You’re About to Lose Choices in How You Book Travel. What the Expedia/Orbitz deals Means For You.

Expedia, which was already announced a deal last month to purchase Travelocity. Orbitz also made clear they were shopping themselves, and now Expedia is buying them, too. (HT: S.)

The Travelocity deal wasn’t meaningful, they had long since given up investing in their search and booking platform.

The Orbitz acquisition is a much bigger deal.

  • Orbitz generally has the best airfare search technology for combining fares across different airlines.
  • That’s useful for fuel dumps (though not as useful as Expedia’s various country sites that allow you to issue tickets in the country of your choice).
  • Orbitz is also more advanced than Expedia in pushing hotel choices that it thinks best match consumer preferences, rather than those with the best payout to the booking engine (or that are privileged for other internal reasons).
  • More players investing in search technology push out the progress in delivering best results for consumers, so consolidation there is on net undesirable.

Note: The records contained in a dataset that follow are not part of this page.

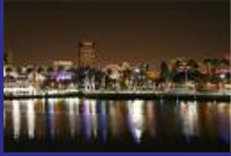
Long Beach skyline
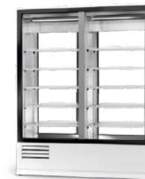
cm w. 120 / 140 / 160 d. 67,5 / h. 198
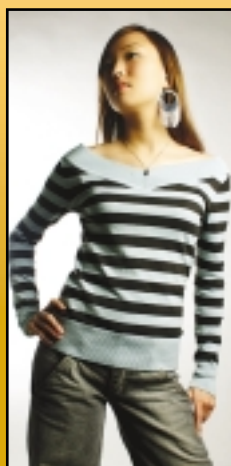
Twice the Style
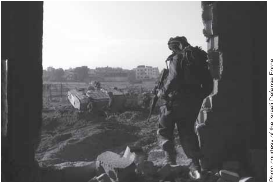
Figure 4. Example of a D-9 bulldozer created corridor through a building wall.

Information operations (IO) will receive comprehensive coverage in a separate chapter, however a few points warrant mention in this section. The IDF took extreme, but not unprecedented, measures to augment operational security (OPSEC) and exert some modicum of control over the media. Firstly, the IDF confiscated the cell phones of soldiers involved in the operation. Second, the international media was barred from entering the Gaza Strip once hostili-

That said there are still new entrants in the search space, and Google’s increasing presence should more than compensate if we lose Orbitz.

And a stronger Expedia plus Google will both represent competitors to Priceline, which is really Kayak and Booking.com.

To most consumers this will be almost meaningless.

  • For air, the DOT is on the verge of eliminating competition in schedule and pricing display by mandating the way all flights and prices can be shown (and requiring prominent disclosure to the extent airlines are missing). They’re actually considering bringing back the display bias rules that ended years ago when it was determined they were unnecessary and unhelpful.

  • In the near term this shifts a bit of leverage in how fares are displayed away from airlines and to the OTA’s in their ongoing tug-o-war but the current administration doesn’t want to leave things up to either.

  • This deal, as final rules are pending, would seem to make it less likely the DOT will back down.

For expert consumers this means in the long term that we get fewer unique options. They likely eventually focus on a single tech platform rather than investing in both. But each site is good for different things.

  • Orbitz is better for building and pricing complex multi-carrier itineraries.
  • Expedia is great for issuing tickets in the country of choice.

For rebate seekers over time we may see lower payouts. OTAs still compete with the remaining sites and with booking direct. But there will be fewer players left to drive up rebates in cash and miles through shopping portals. And there will be less need to spend on loyalty (as though Expedia rewards could be gutted even more).

For hotels this may mean higher commissions.. and more extreme efforts to get consumers to book direct. Hotel chains have been pushing down commissions in recent years. Expedia plus Orbitz means greater pricing power. Being cut off from Expedia and Orbitz is worse than just one or the other.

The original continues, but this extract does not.